The following data is to be repeated exactly, its pictures excluded.

Supplied material Block Start

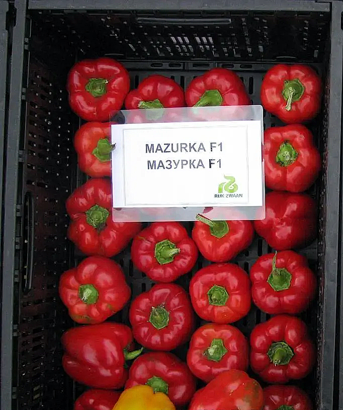 Перец сладкий Мазурка F1 — высокоурожайный гибридный сорт среднеспелого срока созревания с удлиненным периодом сбора плодов. Продукт стараний голландских селекционеров. Вегетационный период составляет 70-80 дней от высаживания рассады на постоянное место. Рекомендован для выращивания в пленочных теплицах, невысоких тоннелях и в открытом грунте. Формирует среднерослое растение, имеющее обильные листья, с короткими междоузлиями и мощной корневой системой. Хорошо реагирует на умеренный капельный полив, внесение комплексных удобрений. Плоды блочного типа, внутри насчитывают 4 камеры, в стадии биологической спелости окрашены в насыщенный красный цвет, вырастают в размере 9-10х6-8 см и весят 200-250 граммов (до 350 г), толщина стенки составляет 8-9 мм. Гибрид характеризуется высокими вкусовыми качествами. Плоды содержат большое количество сухих веществ из-за этого идеальны для переработки. Возможна реализация товарных плодов как в фазе технической, так и биологической зрелости. Отмечается высокий выход стандартной продукции в течение всего сезона выращивания. Гибрид не подвержен бактериальной пятнистости (расы 1-3), Y-вирусу картофеля (штамм 0), тобамовирусу (патотип P0). Также отмечается хороший уровень устойчивости к неблагоприятным факторам и стрессовым условиям взращивания. Рекомендованная плотность посадки должна составлять 3 растения на 1 м2 (для закрытого грунта) и 30-35 тыс. растений на 1 га (для открытого грунта).
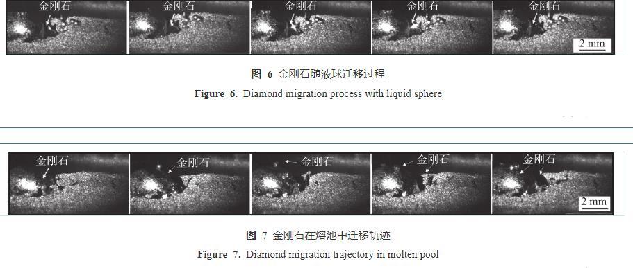 圖8為金剛石置于釬料底部時(shí),金剛石在激光釬涂過程中運(yùn)動(dòng)軌跡??梢姡瑹o論金剛石是直接鋪置于釬料表面,還是置于釬料底部,在釬涂過程中,金剛石均會(huì)上浮到涂層表層。具體過程為在激光熱源作用下,表層的釬料開始熔化成液態(tài)小球,由于金剛石的高透光性和高熔點(diǎn),金剛石不會(huì)熔化。在液態(tài)小球聚集長(zhǎng)大的過程中,金剛石沿著液球邊緣運(yùn)動(dòng),當(dāng)液態(tài)小球匯入大熔球時(shí),金剛石繼續(xù)沿著大熔球的邊緣向表面運(yùn)動(dòng),最后凝固于釬料涂層表層。
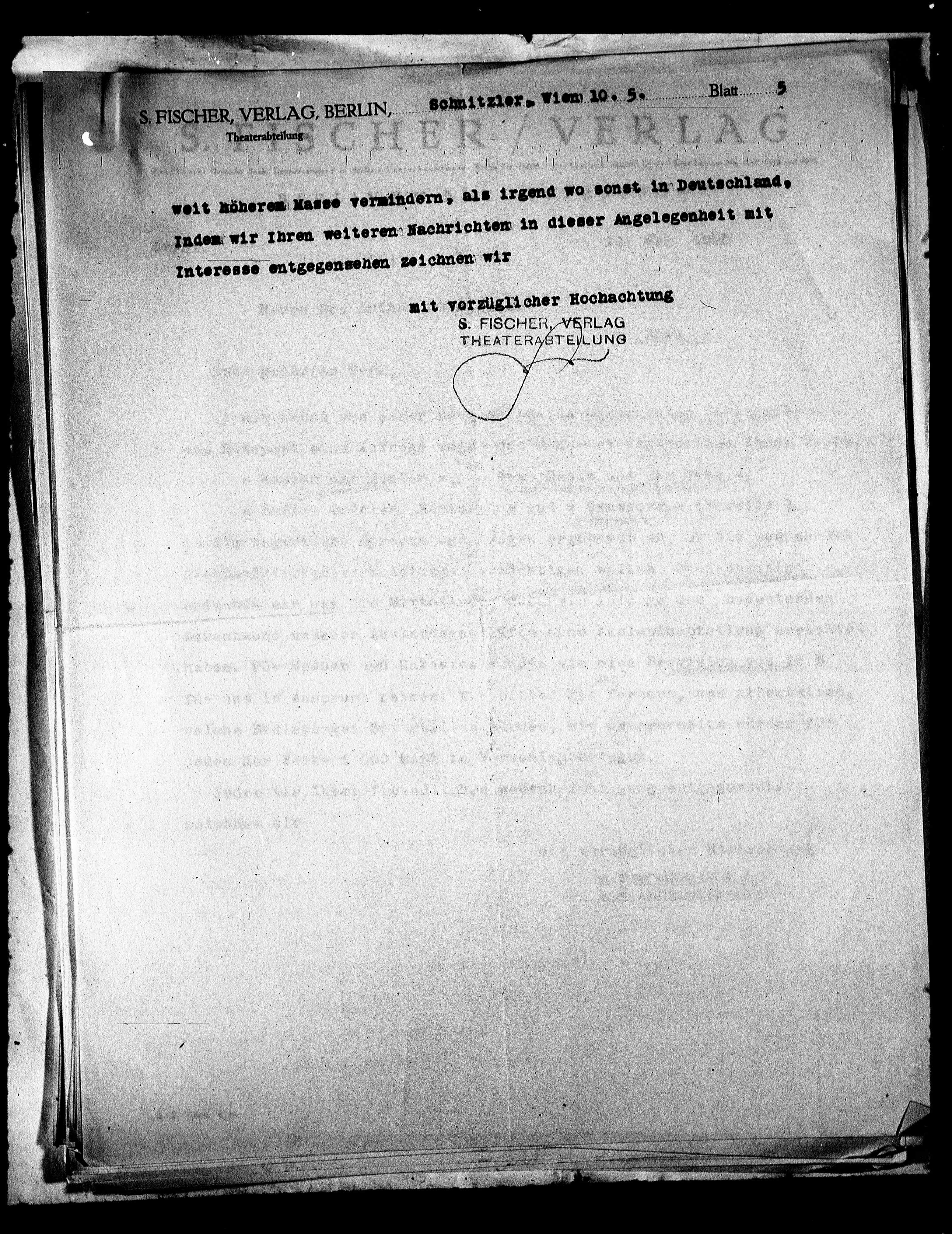 S. FISCHER,VERLAG, BERLIN, Sohnitzler, Vien 10.5. Blatt 5
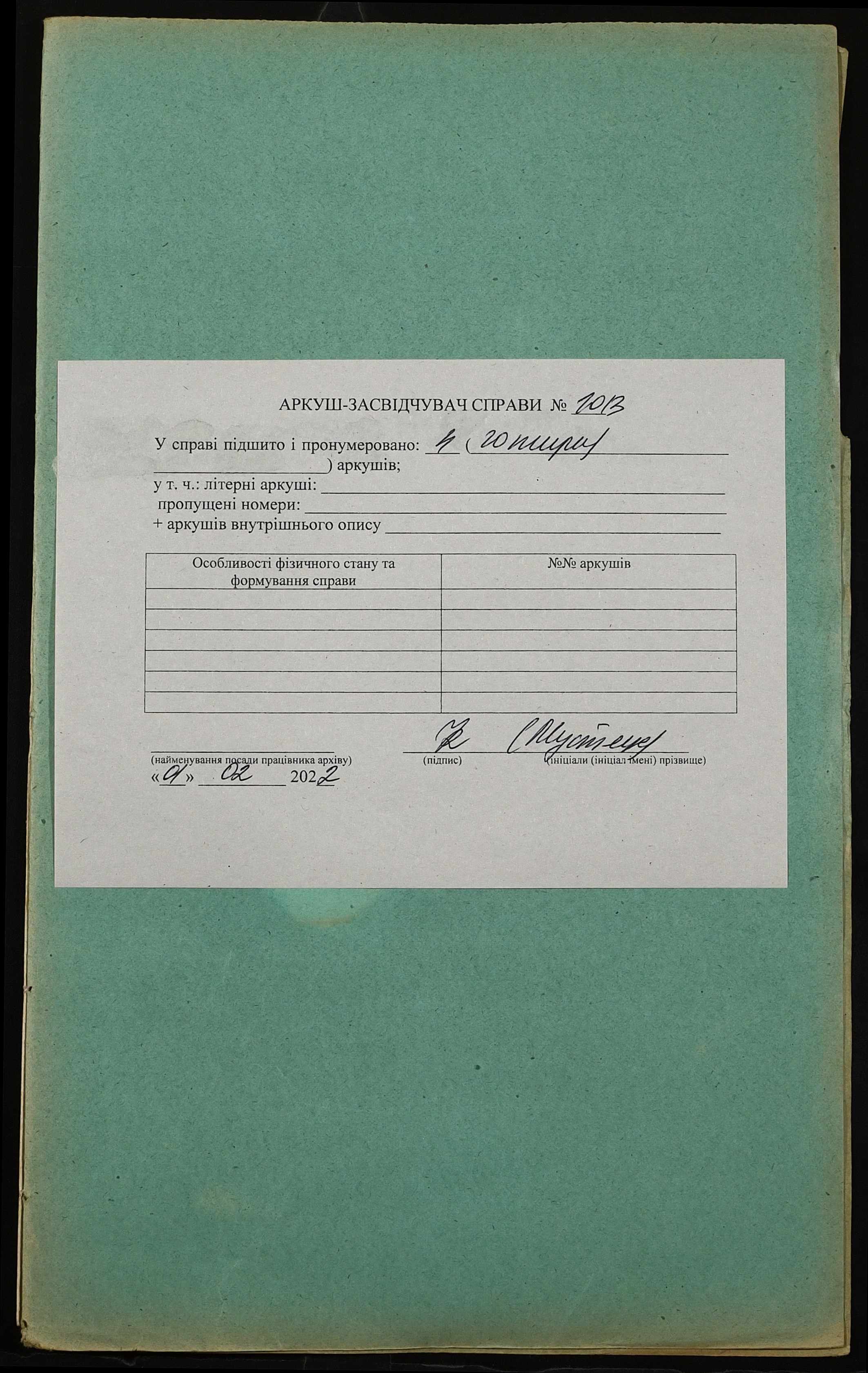 Фонд 152 / Опис 1 / Справа 1013

Supplied material Block End

◆ Task result
 Перец сладкий Мазурка F1 — высокоурожайный гибридный сорт среднеспелого срока созревания с удлиненным периодом сбора плодов. Продукт стараний голландских селекционеров. Вегетационный период составляет 70-80 дней от высаживания рассады на постоянное место. Рекомендован для выращивания в пленочных теплицах, невысоких тоннелях и в открытом грунте. Формирует среднерослое растение, имеющее обильные листья, с короткими междоузлиями и мощной корневой системой. Хорошо реагирует на умеренный капельный полив, внесение комплексных удобрений. Плоды блочного типа, внутри насчитывают 4 камеры, в стадии биологической спелости окрашены в насыщенный красный цвет, вырастают в размере 9-10х6-8 см и весят 200-250 граммов (до 350 г), толщина стенки составляет 8-9 мм. Гибрид характеризуется высокими вкусовыми качествами. Плоды содержат большое количество сухих веществ из-за этого идеальны для переработки. Возможна реализация товарных плодов как в фазе технической, так и биологической зрелости. Отмечается высокий выход стандартной продукции в течение всего сезона выращивания. Гибрид не подвержен бактериальной пятнистости (расы 1-3), Y-вирусу картофеля (штамм 0), тобамовирусу (патотип P0). Также отмечается хороший уровень устойчивости к неблагоприятным факторам и стрессовым условиям взращивания. Рекомендованная плотность посадки должна составлять 3 растения на 1 м2 (для закрытого грунта) и 30-35 тыс. растений на 1 га (для открытого грунта).
 圖8為金剛石置于釬料底部時(shí),金剛石在激光釬涂過程中運(yùn)動(dòng)軌跡??梢姡瑹o論金剛石是直接鋪置于釬料表面,還是置于釬料底部,在釬涂過程中,金剛石均會(huì)上浮到涂層表層。具體過程為在激光熱源作用下,表層的釬料開始熔化成液態(tài)小球,由于金剛石的高透光性和高熔點(diǎn),金剛石不會(huì)熔化。在液態(tài)小球聚集長(zhǎng)大的過程中,金剛石沿著液球邊緣運(yùn)動(dòng),當(dāng)液態(tài)小球匯入大熔球時(shí),金剛石繼續(xù)沿著大熔球的邊緣向表面運(yùn)動(dòng),最后凝固于釬料涂層表層。
 S. FISCHER,VERLAG, BERLIN, Sohnitzler, Vien 10.5. Blatt 5
 Фонд 152 / Опис 1 / Справа 1013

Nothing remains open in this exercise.